## Data provided
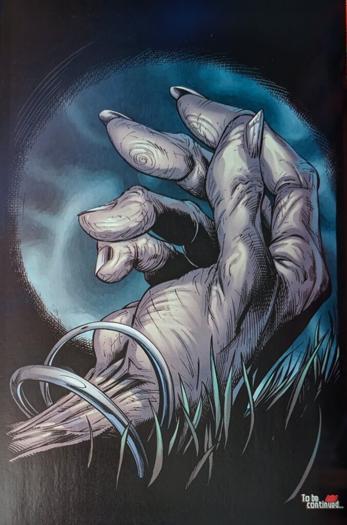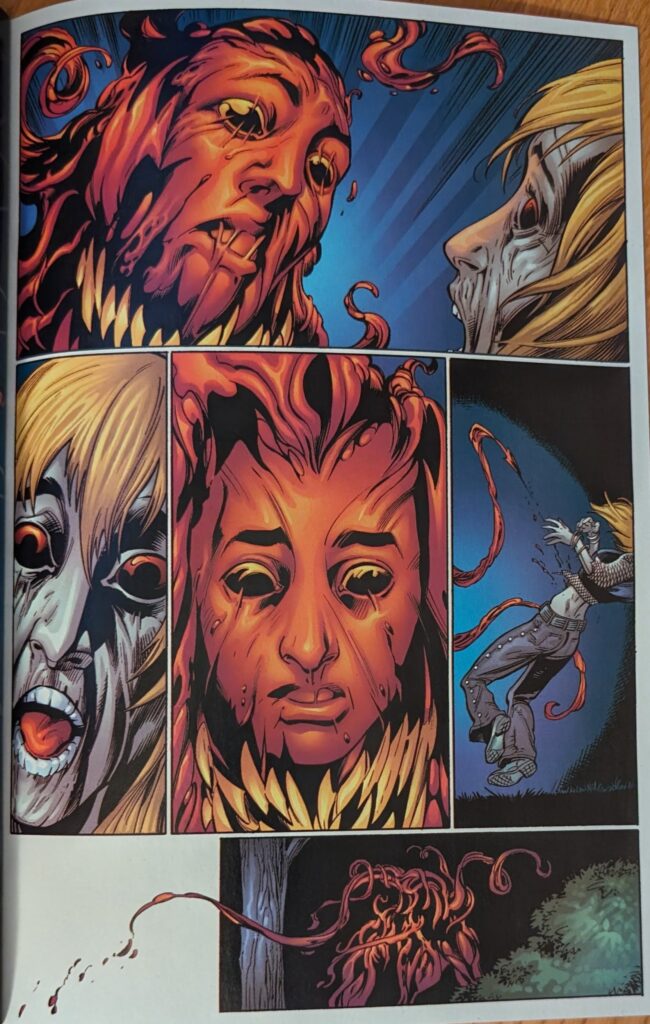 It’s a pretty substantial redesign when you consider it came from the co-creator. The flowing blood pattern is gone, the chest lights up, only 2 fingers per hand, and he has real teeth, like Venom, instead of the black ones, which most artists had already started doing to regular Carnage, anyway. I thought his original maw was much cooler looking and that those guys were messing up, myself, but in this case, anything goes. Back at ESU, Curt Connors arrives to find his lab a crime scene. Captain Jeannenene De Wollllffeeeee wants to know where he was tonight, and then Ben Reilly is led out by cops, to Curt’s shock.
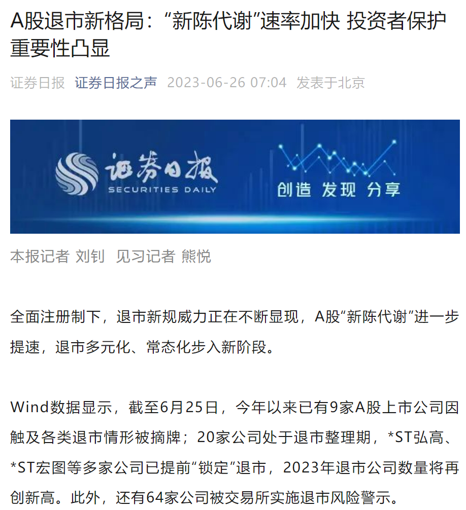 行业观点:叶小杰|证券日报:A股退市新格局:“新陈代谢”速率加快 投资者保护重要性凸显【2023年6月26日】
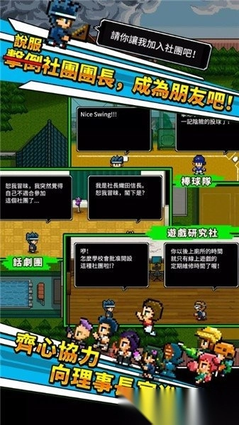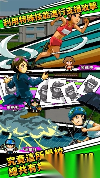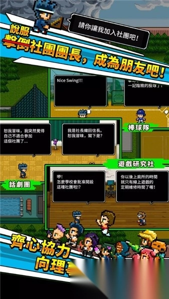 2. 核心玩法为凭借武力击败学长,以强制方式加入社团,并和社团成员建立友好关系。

## Task statement
Retype the data above exactly. Do not carry over any images.

## Finished exercise
 It’s a pretty substantial redesign when you consider it came from the co-creator. The flowing blood pattern is gone, the chest lights up, only 2 fingers per hand, and he has real teeth, like Venom, instead of the black ones, which most artists had already started doing to regular Carnage, anyway. I thought his original maw was much cooler looking and that those guys were messing up, myself, but in this case, anything goes. Back at ESU, Curt Connors arrives to find his lab a crime scene. Captain Jeannenene De Wollllffeeeee wants to know where he was tonight, and then Ben Reilly is led out by cops, to Curt’s shock.
 行业观点:叶小杰|证券日报:A股退市新格局:“新陈代谢”速率加快 投资者保护重要性凸显【2023年6月26日】
 2. 核心玩法为凭借武力击败学长,以强制方式加入社团,并和社团成员建立友好关系。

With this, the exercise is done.